In the intermediated channel, deal flow from the wealth manager – registered investment adviser (RIAs) – cohort is on the rise. And the increased activity is coming from what is, figuratively, two sides of the same coin.
“A lot of the increased interest in the life settlement market by RIAs is actually being driven by the RIA client. They are seeing advertising on TV, articles online, and in turn, asking their wealth manager whether selling their life insurance policy is right for them,” said Jon B. Mendelsohn, CEO of life settlement broker Ashar Group.
“And the RIAs themselves are also seeing the same commercials and taking a more proactive approach with their clients. There is increased awareness coming from both segments that is driving increased activity in the secondary market.”
The contribution that the RIA segment makes to the life settlement industry in terms of secondary market deal flow is one of three hats they wear in the space.
The second is that of the capital allocator. Life settlement asset managers source their third-party capital from the usual suspects – pension plan sponsors, foundations, endowments, funds of funds, insurance companies, family offices, and high net worth individuals. RIAs are increasingly funnelling their clients’ assets towards life settlements, as part of a broader effort to engage with alternative investments such as hedge funds, private equity, private debt, real estate and venture capital more broadly.
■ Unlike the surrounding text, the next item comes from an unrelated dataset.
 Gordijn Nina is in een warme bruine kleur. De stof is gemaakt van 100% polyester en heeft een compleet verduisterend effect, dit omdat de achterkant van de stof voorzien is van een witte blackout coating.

Hats one and two are linked by something of a virtuous circle.
“In many cases, an RIA working with a client to sell a life insurance policy they no longer need is beneficial to them because it’s increasing their AUM. And life settlement brokers like us have the same fiduciary duty to the policy seller as the RIA does to their clients’ best interest, so the RIAs fiduciary duty is satisfied here. The premiums that the insured was previously paying, and the lump sum they receive from the sale of the policy, can now be routed into other investments, which increases the AUM of the RIA. Life settlements works well for both sides,” said Mendelsohn.
The third hat is, currently, by far the smallest the RIA wears. But it could be the most influential: that of increasing the number of life insurance policies that could turn into life settlements in future by incorporating life insurance into the financial planning process that they do for their clients.
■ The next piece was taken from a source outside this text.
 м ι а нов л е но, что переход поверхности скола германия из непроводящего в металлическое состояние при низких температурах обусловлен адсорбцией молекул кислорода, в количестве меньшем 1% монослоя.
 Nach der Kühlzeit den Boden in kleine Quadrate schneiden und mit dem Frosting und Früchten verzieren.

Except that they don’t. Or, at least, not many of them do. Reasons abound as to why life insurance is an afterthought for a wealth manager/advisor. First, most RIAs are not licensed to be compensated for work involved in managing life insurance policy assets. Second, in some states, they aren’t licensed to even talk with clients about their life insurance, let alone sell it. Third, even for those RIAs legally able to talk with clients about life insurance, they lack an eco-system of tools, educational resources, and service providers to support the prudent selection or retention and proper management of life insurance in clients’ ‘Best Interests’. Without such an eco-system, like they have for investment management, no wonder RIAs feel unprepared and hesitant to incorporate life insurance portfolio management in the financial planning process that they do for their clients.
All this adds up to what is a substantial roadblock to getting RIAs more involved in life insurance at the ground level.
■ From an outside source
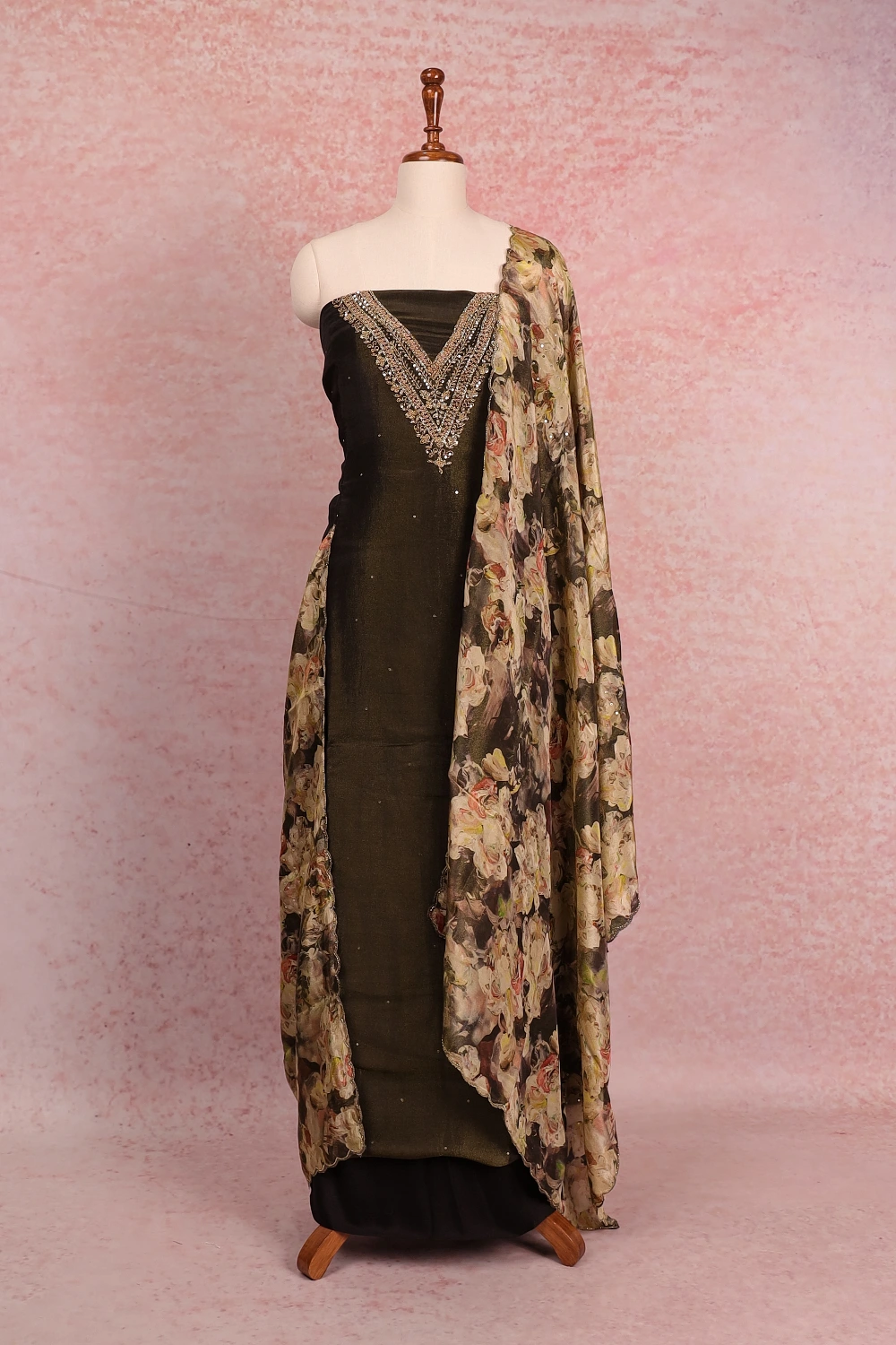 Black Tissue Hand Work Unstitched Churidar Material. Includes Dupatta.

“There’s no reason why an RIA can’t include life insurance portfolio management as part of their overall service offerings,” said Barry Flagg, CEO at life insurance analytics firm, Veralytic. “But advising clients without tools and service providers that support their fiduciary business model is more time-consuming and outside their comfort zone – and human beings rarely volunteer to do things that are both more difficult and outside their comfort zone. In the meantime, the more progressive RIAs are engaging “subadvisors” to evaluate and manage clients’ life insurance policy assets, in the same way they already do for other specialty financial instruments.”
The life settlement industry believes that its market could be significantly larger. Industry group the European Life Settlement Association, publisher of Life Risk News, recently published a fact sheet that suggests the secondary market could potentially be three times its current size. That belief is driven largely by the gap that exists between the number of policies transacted annually in the secondary market, and the lapse rate of life insurance policies in the US. In 2021, the combined termination rate of all life insurance in the US was worth more than $600bn, whereas the total dollar value of transactions in the secondary market was only $4bn. Whilst not all of the $600bn would qualify for a life settlement, the disparity is clear to see.
But what’s also true is that RIAs could be seed planters, growing the total number and value of life insurance policies that could eventually qualify for a life settlement, if they were to engage with life insurance to a greater extent. Combining that, with their role as an existing driver of secondary market supply, and their influence as capital allocators, shows just how important this cohort is to the life settlement market going forward – and why breaking down barriers to life insurance education is key to success in the long term.
“The two roles that RIAs currently play in the life settlement industry are enough by themselves to justify making the wealth manager channel a strategic priority for the life settlement industry,” said Flagg. “But what also needs to happen is for some of the barriers that currently exist for RIAs to engage with life insurance at the outset to be lowered or removed. That’s a longer–term play but one that makes sense for the life settlement industry to look into.”